Both states, in their ways, have betrayed Kashmir; one with the barrel of a gun, the other with the muzzle of soft imperialism. Neither wants to hear what most Kashmiris wish to, which is not accession to either, but azadi in the truest sense: the right to live, speak, worship, mourn, and build without subjugation. 

Meanwhile, the trauma of 1947 still breathes. There are other ghosts, too. In Panjab, in the memory of women who never returned, in the stories survivors never told their children, in the silence of school curricula that treat Partition like a side note instead of the foundational trauma that shaped everything that followed. 
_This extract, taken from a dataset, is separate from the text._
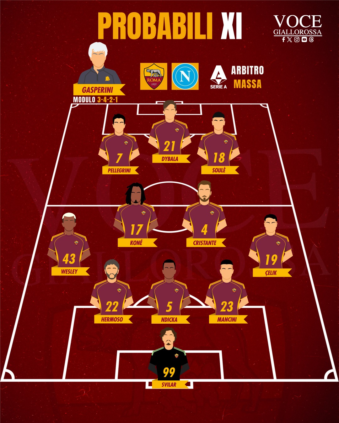 ROMA (3-4-2-1): Svilar; Mancini, Ndicka, Hermoso; Celik, Cristante, Koné, Wesley; Soulé, Pellegrini; Dybala.

“Aj aakhaan Waris Shah nu…” 

“Today, I call out to Waris Shah.” 

— Amrita Pritam 

Amrita here is referring to the violent fracturing of Panjab during Partition, when blood flowed in the land of the five rivers. It’s not just a lament, it’s a summoning of the dead to make sense of a living nightmare. A cry across time asking if the poet who once chronicled love can now record the death of a culture, the screams of women, the tearing of land and souls. 

We have never answered her because to do so would force us to reckon, it would require confronting not just what was lost in 1947 – but what continues to be stolen now, every day, every hour, under both flags.

To Bury or To Remember? 

Iqbal once dreamed of a Muslim world that transcended borders, that rooted itself in ethical action and divine accountability:

“Be aware of your own worth; use all of your power to achieve it. Create an ocean from a dewdrop. Do not beg for light from the moon; obtain it from the spark within you.” 

But Pakistan and India alike have become beggars – not of light, but of vengeance, validation, and victory. Both have failed their promises. Every August, flags are raised, speeches are made, and borders are policed. But what exactly are they commemorating? 

Pakistan, 77 years later, is trapped between militarism and messianism, invoking Islam while abandoning its moral architecture. India, meanwhile, has become a secular republic in name only, increasingly consumed by majoritarian rule. And the British? They left behind medals, memoirs, and museums, but no apology, no reparations, no recognition of the fire they lit and then walked away from. 

The truth is this: The British engineered this cataclysm, Pakistan never truly became the moral community it promised, and India’s secularism is cracking under the weight of its own demons. For those who call this subcontinent, the wounds of 1947 are not relics – they are living, festering, and still bleeding. To honour Pakistan Day or mourn Partition without speaking these truths is selective amnesia, and the question is not whether to move on; it is whether we will ever remember rightly and, if we do, whether we will have the courage to change what that memory demands of us.

Mar Yousuf K. is a writer exploring how politics and faith shape life in Occupied Kashmir and beyond, with contributions to local publications and community platforms.